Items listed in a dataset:
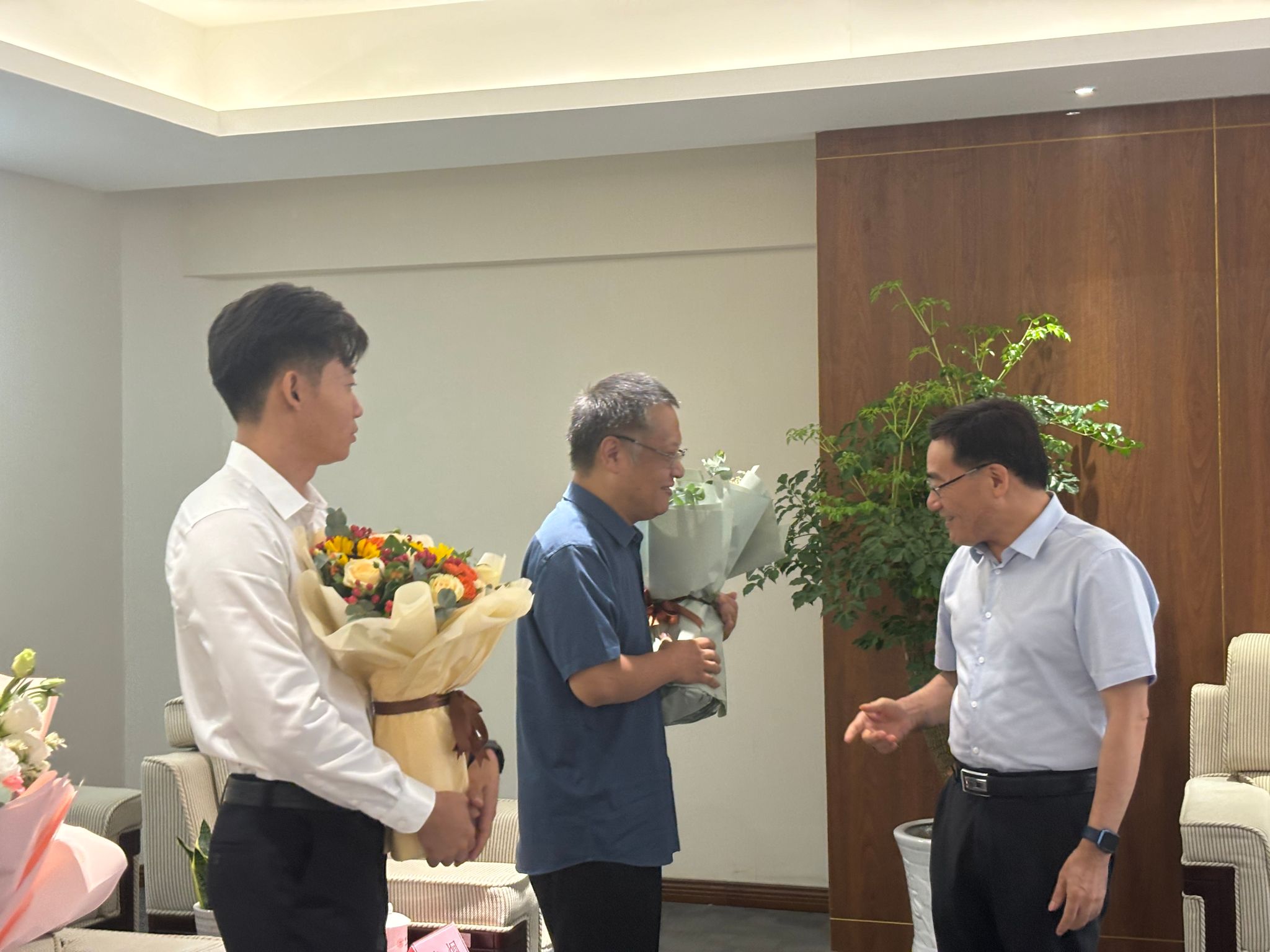 蔡荣根还为三位老师送上鲜花,向他们表达慰问和祝福。三位老师感谢学校对一线教师的关心关爱,表示将牢记“为党育人、为国育才”的初心使命,把教育家精神转化为育人实践,为学校和社会培养更多拔尖创新人才。
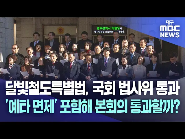 ◀앵커▶기획재정부의 반대로 막판 진통을 겪어 온 달빛철도 특별법이 1월 24일 국회 법제사법위원회를 통과했습니다. 25일 열릴 국회 본회의 통과에 청신호가 켜졌는데요.법사위가 열린 날 대구시와 광주시의회는 국회 본회의의 조속한 통과를 촉구하는 공동 성명을 발표하기도 했습니다.보도에 권윤수 기자입니다.◀기자▶◀현...
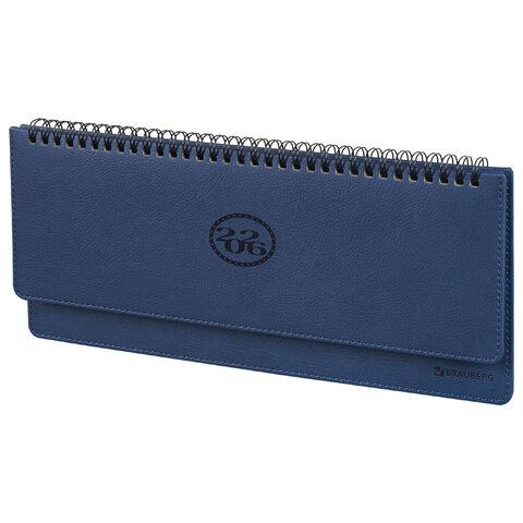 Планинг датированный 2026 305х140 мм BRAUBERG "Imperial", под кожу, синий, 117228
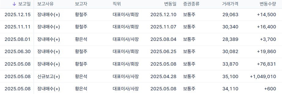 올해 주성엔지니어링 회장,사장님들은 적극적인 매수 진행 중
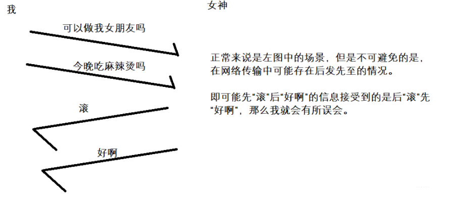 由于网络上的传输,接受到的顺序是不确定的,因此不能就单纯的按照通过收到的顺序来确定逻辑.因此此处引入了序号和确认序号,即在协议格式中出现的序号和确认序号.
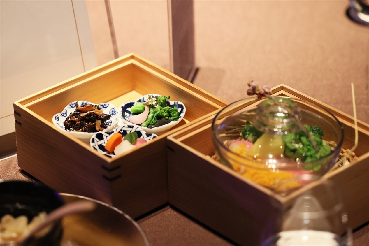 鏡石町の“田んぼアート”から着想を得て、アートをテーマに「KAGAMIISHI CUISINE -アート-」をコース料理としてご提案。“田んぼアート”をイメージした鮮やかな土鍋ごはんをご用意し、ゲストへの感謝の想いを込めて、お米と出汁を土鍋に注ぐセレモニーを行います。土鍋ごはんの中心には、かつてオランダから友好の証として送られた“鐘”をモチーフに、おふたりとゲストとのご縁を表現しました。

Exercise aim. Return all the data exactly, pictures omitted.

Result of the task.
 蔡荣根还为三位老师送上鲜花,向他们表达慰问和祝福。三位老师感谢学校对一线教师的关心关爱,表示将牢记“为党育人、为国育才”的初心使命,把教育家精神转化为育人实践,为学校和社会培养更多拔尖创新人才。
 ◀앵커▶기획재정부의 반대로 막판 진통을 겪어 온 달빛철도 특별법이 1월 24일 국회 법제사법위원회를 통과했습니다. 25일 열릴 국회 본회의 통과에 청신호가 켜졌는데요.법사위가 열린 날 대구시와 광주시의회는 국회 본회의의 조속한 통과를 촉구하는 공동 성명을 발표하기도 했습니다.보도에 권윤수 기자입니다.◀기자▶◀현...
 Планинг датированный 2026 305х140 мм BRAUBERG "Imperial", под кожу, синий, 117228
 올해 주성엔지니어링 회장,사장님들은 적극적인 매수 진행 중
 由于网络上的传输,接受到的顺序是不确定的,因此不能就单纯的按照通过收到的顺序来确定逻辑.因此此处引入了序号和确认序号,即在协议格式中出现的序号和确认序号.
 鏡石町の“田んぼアート”から着想を得て、アートをテーマに「KAGAMIISHI CUISINE -アート-」をコース料理としてご提案。“田んぼアート”をイメージした鮮やかな土鍋ごはんをご用意し、ゲストへの感謝の想いを込めて、お米と出汁を土鍋に注ぐセレモニーを行います。土鍋ごはんの中心には、かつてオランダから友好の証として送られた“鐘”をモチーフに、おふたりとゲストとのご縁を表現しました。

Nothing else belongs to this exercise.